Despite radical influences from the decade of their inception, however, the Fantastic Four were restricted to a resolutely bourgeois framework, and their powers worked just as well as grotesque metaphors for the previous era's bankrupt ideals. Consequently, although the FF's dubious talents served them well in their careers, they also tended to make their home lives punishingly repressed. Haphazard stabs at normalcy were made: The Richardses had a child and even hideous Ben found a girlfriend. But little Franklin was summarily rushed into the care of a witch and sensitive, redheaded Alicia -- who eventually ran off with Johnny Storm -- was conveniently blind and, one presumes, more than a little kinky. Try as they might, these perpetual sad sacks remained more fallen heroes than superheroes: Marvel's grotesque lesser gods to DC's dully supreme beings.

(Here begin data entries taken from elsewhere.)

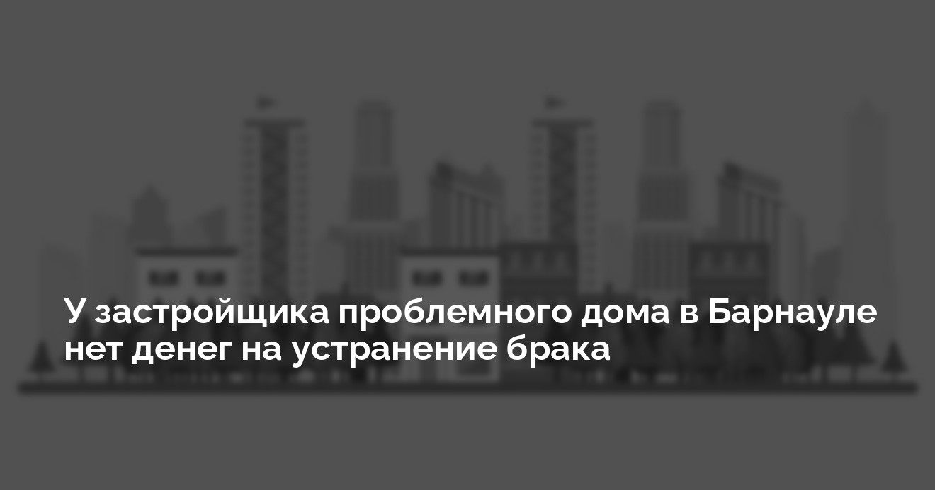 Застройщик недавно сданной проблемной высотки на Павловском тракте, 291 в Барнауле не имеет средств на устранение производственного брака. Хотя и признает, что недостатки там есть и готов исправлять их самостоятельно, даже не предъявляя иски к подрядчикам, потому что с тех нечего взять.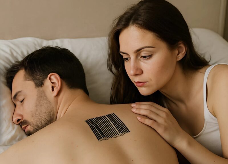 Jednog noćnog trenutka, dok je njen muž spavao, primijetila je nešto neobično. Na njegovim leđima, tik uz vrat, bila je nova tetovaža koju ranije nije primijetila. U početku je to izgledalo kao običan umjetnički izraz, no ubrzo je shvatila da je u pitanju nešto mnogo ozbiljnije. Tetovaža nije bila samo simbol; to je bio šifrirani kod, nalik barcode-u, koji je signalizirao pripadnost nekom mračnom svetu. Osjećaj nelagode obuzeo ju je dok je razmišljala o značenju ovog otkrića. Kakva bi to tajna mogla biti iza tog neobičnog znaka na njegovom tijelu?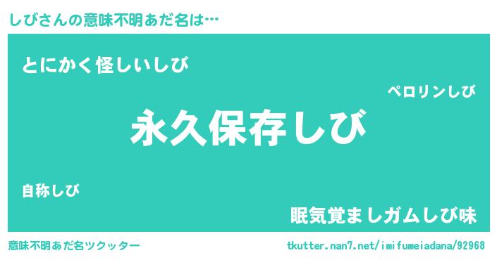 | 男性向けラノベタイトル風あだ名 | 『しびという概念が存在しない退屈な世界 』 |

Like Hollywood in the wake of "Spider-Man," Marvel cashed in on the chord such freakishness struck with the Four's readers by creating a whole new pantheon of twisted deities. By doing so, they unwittingly sowed the seeds of the genre's insignificance. Spidey represented -- and clearly still represents -- the young-adult contingent, but even though he was as burdened with his powers as the FF, he came off as more whiny than genuinely wretched. (Kudos to director Sam Raimi, screenwriter David Koepp and Maguire for excising this trait from their incarnation.)
For bona fide misery there was Thor, a disabled doctor who somehow channeled the Norse god of thunder (does anyone need to be reminded of what that's like?), and Iron Man, a walking rust bucket with no visible means of waste elimination. The Hulk, the Angel and Daredevil are pretty much self-explanatory.
This phenomenon culminated with the X-Men, of which the Angel was a founding member. Not especially popular during their initial run, this gaggle of mutants -- a spade at last being called a spade -- nevertheless gained a following and eventually inaugurated the current spate of Marvel-based blockbusters. In print, however, they were one collection of misfits too many, and their uneven exploits codified the whole troubled-superhero category until it became routine, repetitious and tediously self-mocking; '70s title "Howard the Duck," which spawned a universally derided George Lucas film of the same name, was a prime offender.
In any event, by then DC had breathed new, tortured life into war horses like Green Lantern and the Flash and had even generated a few intriguingly freakish gods of their own. What else to call a "hero" named Deadman? The inevitable result is that the Fantastic Four ceased to stand out. Lost in the glut, their built-in obsolescence was hastened and they became as firmly (though perhaps not as deeply) encased in nostalgic amber as Superman or Batman, dead men in their own right.
It's no help that the social conditions that informed the title and the freak-power that briefly encouraged it haven't survived into the new millennium. Weirdness as a badge of rebellion or affinity has either become so absorbed into mainstream culture (how else to explain the popularity of the decidedly Marvelesque Ozzy Osbourne and his brood?) or confusingly varied (browse the titles in any comics shop for proof) as to be irrelevant. Nowadays, everyone's either a superfreak or pretends to be one.
Spidey, apparently, appeals to the oddball in everyone. By failing to reflect the compromised hopes of his original fans or remind new ones of where they might be headed, "Spider-Man" neatly sidesteps the queasy existential baggage inherent all along in "The Fantastic Four." Little wonder that Raimi's film has received such a glowing reception, while Reed, Sue, Johnny and Ben plod along as always, courted by Hollywood only as potential parody material or for substandard drive-in fare, their significance -- and their birthdays -- utterly forgotten.